#### Source material:
* * * * *
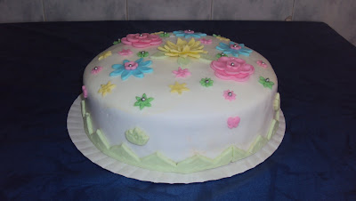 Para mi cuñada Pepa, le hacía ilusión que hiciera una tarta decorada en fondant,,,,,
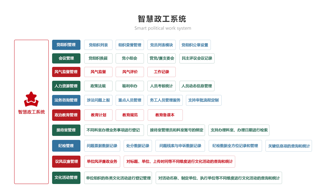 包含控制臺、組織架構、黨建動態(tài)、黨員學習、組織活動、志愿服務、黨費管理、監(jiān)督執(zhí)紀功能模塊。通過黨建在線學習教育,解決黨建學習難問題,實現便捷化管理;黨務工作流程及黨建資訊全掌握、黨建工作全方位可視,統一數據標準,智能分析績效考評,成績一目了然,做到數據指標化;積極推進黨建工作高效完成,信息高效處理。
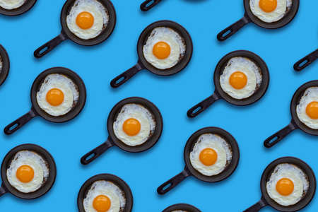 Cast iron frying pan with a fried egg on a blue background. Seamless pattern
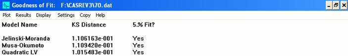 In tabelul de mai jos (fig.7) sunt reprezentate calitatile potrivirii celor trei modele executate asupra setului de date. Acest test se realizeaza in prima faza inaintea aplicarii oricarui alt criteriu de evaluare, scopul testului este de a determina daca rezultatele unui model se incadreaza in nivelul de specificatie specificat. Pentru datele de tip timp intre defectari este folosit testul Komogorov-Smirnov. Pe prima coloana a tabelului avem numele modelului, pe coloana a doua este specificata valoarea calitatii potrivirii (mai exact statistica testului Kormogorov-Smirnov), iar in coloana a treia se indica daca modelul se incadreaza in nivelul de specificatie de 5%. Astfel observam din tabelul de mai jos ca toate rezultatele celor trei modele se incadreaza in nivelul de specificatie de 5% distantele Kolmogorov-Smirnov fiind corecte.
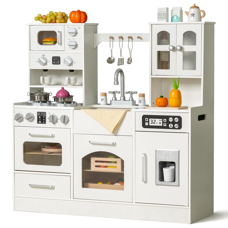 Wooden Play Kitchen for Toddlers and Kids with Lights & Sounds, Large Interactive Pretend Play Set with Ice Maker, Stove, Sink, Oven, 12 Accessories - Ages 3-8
* * * * *
#### About this exercise:
In copying the material, drop all pictures and keep everything else identical.

#### Written solution:
 Para mi cuñada Pepa, le hacía ilusión que hiciera una tarta decorada en fondant,,,,,
 包含控制臺、組織架構、黨建動態(tài)、黨員學習、組織活動、志愿服務、黨費管理、監(jiān)督執(zhí)紀功能模塊。通過黨建在線學習教育,解決黨建學習難問題,實現便捷化管理;黨務工作流程及黨建資訊全掌握、黨建工作全方位可視,統一數據標準,智能分析績效考評,成績一目了然,做到數據指標化;積極推進黨建工作高效完成,信息高效處理。
 Cast iron frying pan with a fried egg on a blue background. Seamless pattern
 In tabelul de mai jos (fig.7) sunt reprezentate calitatile potrivirii celor trei modele executate asupra setului de date. Acest test se realizeaza in prima faza inaintea aplicarii oricarui alt criteriu de evaluare, scopul testului este de a determina daca rezultatele unui model se incadreaza in nivelul de specificatie specificat. Pentru datele de tip timp intre defectari este folosit testul Komogorov-Smirnov. Pe prima coloana a tabelului avem numele modelului, pe coloana a doua este specificata valoarea calitatii potrivirii (mai exact statistica testului Kormogorov-Smirnov), iar in coloana a treia se indica daca modelul se incadreaza in nivelul de specificatie de 5%. Astfel observam din tabelul de mai jos ca toate rezultatele celor trei modele se incadreaza in nivelul de specificatie de 5% distantele Kolmogorov-Smirnov fiind corecte.
 Wooden Play Kitchen for Toddlers and Kids with Lights & Sounds, Large Interactive Pretend Play Set with Ice Maker, Stove, Sink, Oven, 12 Accessories - Ages 3-8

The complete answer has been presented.